注6)CRISPR干渉(CRISPRi)
CRISPRiとは、特異性の高い遺伝子発現抑制技術である。ヌクレアーゼ活性の無いdCas9と転写抑制ドメインKRABを融合したタンパク質とsgRNAを用いることで、任意の遺伝子の発現を抑制することができる。ゲノム編集技術に使用されているCas9を応用した技術である。
注7)新型コロナウイルス感染症(COVID-19)
新型コロナウイルス感染症の正式名称。CO=「corona」、VI=「virus」、D=「disease」。
注8)TMPRSS2
Ⅱ型膜貫通型セリンプロテアーゼ(transmembrane protease, serine 2)の一種。SARS-CoV-2の表面にあるタンパク質を切断することで宿主細胞への侵入を促進する。
注9)siRNA(small interfering RNA)
21-23塩基対からなる低分子二本鎖RNAで、細胞内に導入する事で遺伝子発現を抑制する。
注10)SARS-CoV-2ヌクレオカプシド(N)
SARS-CoV-2に最も多く存在するタンパク質であり、ウイルスの中身に存在する。

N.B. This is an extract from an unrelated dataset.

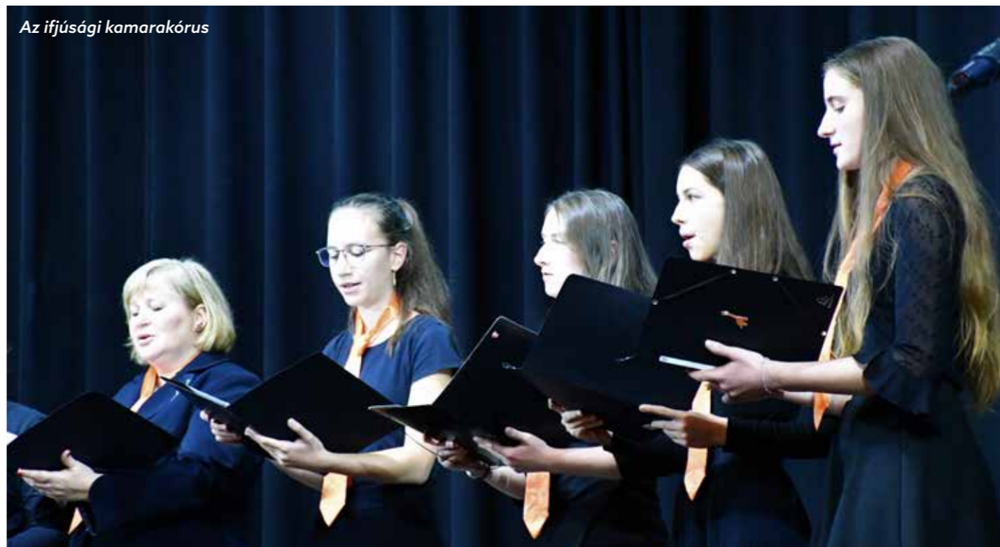
Az ifjúsági kamarakórus

注11)SARS-CoV-2 B.1.1.214、BA.1、BA.2、B.1.617.2
SARS-CoV-2変異株の一種。B.1.1.214は2020年秋以降の第三波で確認された変異株。B.1.617.2は2021年夏に流行した変異株。B.1.617.2はデルタ株とも呼ばれる。BA.1、BA.2は2021年末以降に流行した変異株。BA.1、BA.2はオミクロン株とも呼ばれる。